Если поделить людей по нашему методу на находочников и подарочников, желаем считать последних низшими существами, не способными на открытия и подвиги. Приводим последний аргумент и из вежливости оставляем его без морали, потому что судим сейчас по себе. Вернее по нашему герою, которого не знаем и как зовут, и куда он бдительно гуляет по улице (не знаем и ее названия!), и, главное, о чем же он все-таки упорнее всего размышляет.

Герой давно заметил за собой особенность большей любви к дарению подарков, чем к их получению. Поначалу самонадеянно наскоро объяснил себе это своей прирожденной доброжелательностью. Немного поразмыслив – холодным бескорыстием и неотчетливым желанием радовать. Чтобы не углубляться и закрыть тему сообщаем сразу самый его неприятный вывод – он заметил, что, получив подарок, чует не одну радость (случается и сильную – красивые и дорогие вещички нравятся ему, хотя он костьми ляжет, доказывая, что они не имеют над ним власти). Кроме такой нездоровой радости чувствует он и некий привкус унижения самостоятельности личного сознания или кошелька. Пришло вдруг ему на ум – найдется у него, к примеру, знакомый художник и подарит свою картину. Пусть дарит, только это окажется частица его, себя он подарит на стенку, даже если сподобится написать портрет одариваемого. Короче, заметив, что дарить ему приятнее, чем получать, он, прекращая размышления, объяснил себе все это такой же человеческой слабостью, как любовь к вещичкам, слабостью любви к власти над другим существом, над его волей, хоть в малом, хоть в крошечном, а удовольствие себянавязывания, решил он, не украшает его, и перестал уважать эту свою особенность.

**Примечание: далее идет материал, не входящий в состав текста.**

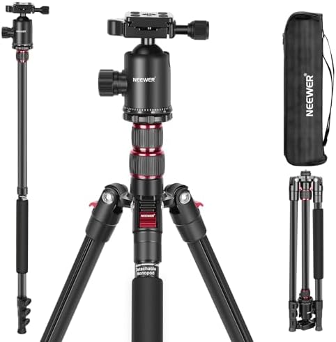NEEWER 77 inch Camera Tripod Monopod for DSLR, Phone with 360° Panoramic Ball Head, 2 Axis Center Column, Arca Type QR Plate, Compact Aluminum Lightweight Travel Tripod 34lb Max Load, Bag Included

Морали, как обещано, не будет, но просто чешется перо заявить тему подарков и женщин, до того богата она неожиданными парадоксами, но пора уж вернуться к основному стволу затеянного повествования, а то метафизические ответвления, если ими бесконтрольно увлекаться, никогда не позволят нам добраться до вершины-окончания, что назначено нами, в качестве главной цели-задачи разворачивающегося труда. Не ответвляться мы не можем, но будем стараться держать себя в рамках, не в пример устроенному выше бесконтрольно-отчетному баловству.

Итак, быстро дописываем, наконец, во что он там одет и вперед, вперед – за нами или за ним, или за кем хотите, читатель, любезный уже оттого, что вы здесь! Сейчас автор, высокопарно именующий себя «мы» с ужасом заметил, что забыл уже довел ли до завершения мысли о находке, и с еще большим ужасом понял, что не хочет даже проверять себя по тексту рукописи, и думает еще – довел, не довел – просто время потерял. О другом мне надо, о другом! О другом я взялся поведать и неизвестно суждено ли мне добраться до белого пятна окончательной точки. Некогда даже выбирать сравнения – приходится пользоваться первым встречным.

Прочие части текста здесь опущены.